VIEWPOINT

The Top 5 Creative Mistakes Killing Your Ad Performance

And one bonus mistake that can make or break your campaign
PERFORMANCE

Competition for consumers’ attention has never been more fierce, and the performance of your ad creative matters. With the ever-expanding complexities and energy spent on media planning, often the creative execution is overlooked. However, a recent study by analytics firm NCSolutions found that “creative quality is responsible for almost half (49%) of the incremental sales driven by advertising.” 

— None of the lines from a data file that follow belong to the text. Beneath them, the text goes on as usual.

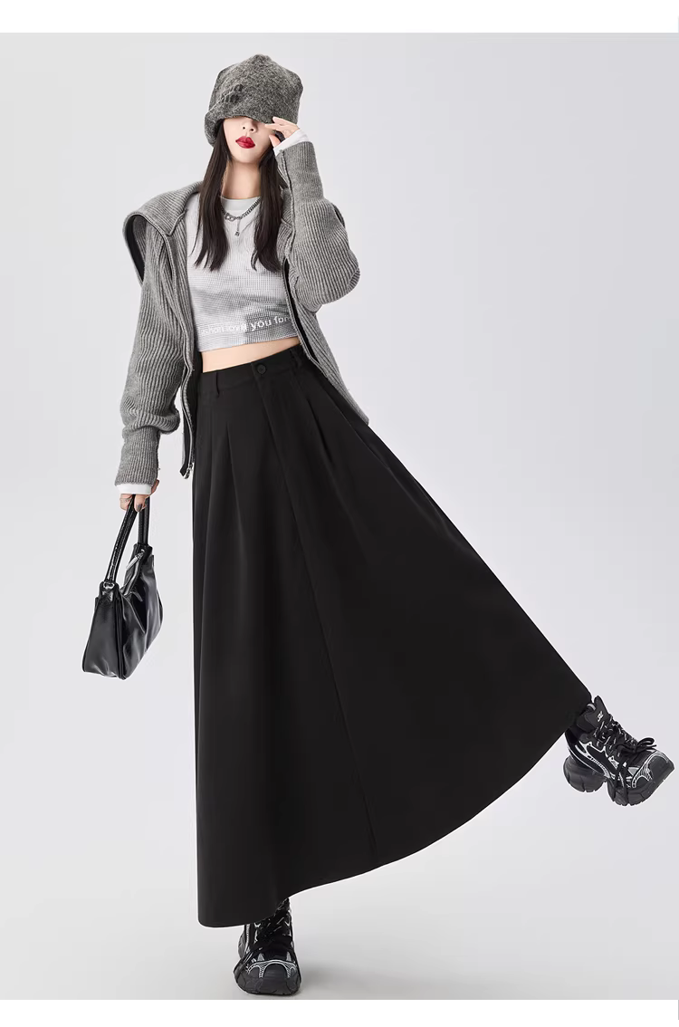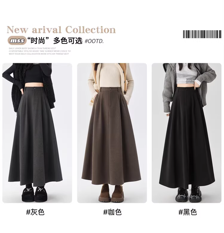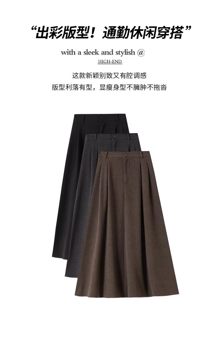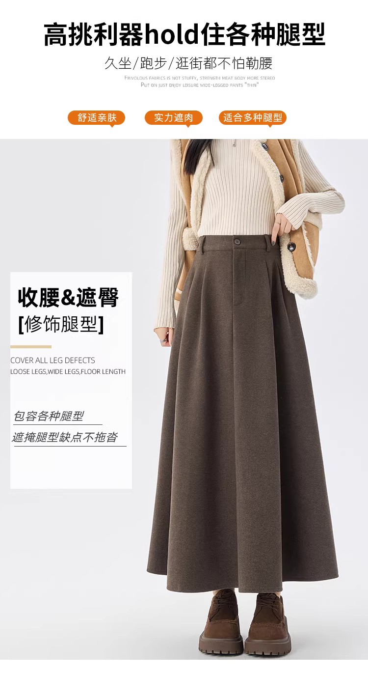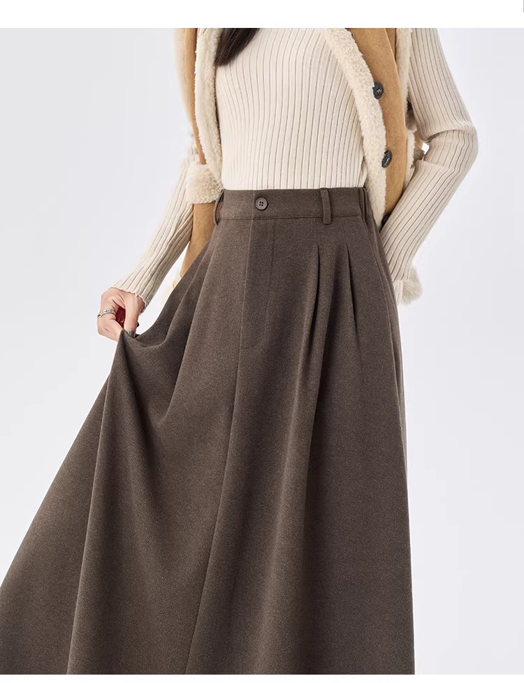 Váy midi len nâu La Chapelle dành cho phụ nữ nhỏ nhắn, váy cao eo che hông mới mùa thu đông 2025.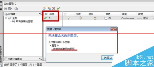 3、里面有一个cad默认的图层,我们是没有办法修改的,大家可以自己试下,双击修改它的名称,它会提示这个是我们”依赖外部参照的图层“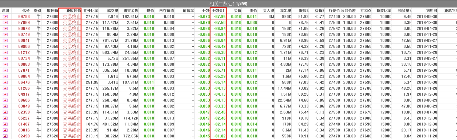 牛证作为看好后市一种投资工具,在大市下挫中则要承受损失,还会面临被强制收回的情况。据智通财经APP统计,恒生指数的牛证共有499只,464只出现跌幅,最小跌幅为7.35%,最大跌幅为87.95%。尴尬的是,今天有91只恒指牛证被强制收回,终止交易。

As marketing organizations have grown to accommodate the expanding media landscape, an inevitable consequence is the siloing of teams, budgets, and decision-makers along platform and technology lines. The bigger a marketing agency gets, the more difficult it is to maintain cohesion and harmony across campaigns and various media channels. 

In many cases, the best solution is the hands-on approach, especially if you are truly paying attention to your brand.

Additionally, with the rise of programmatic ad buys and increasingly intelligent MarTech platforms advancing the insights and capabilities available to ad buyers, sometimes the creative is simply taken for granted to the detriment of your campaign. 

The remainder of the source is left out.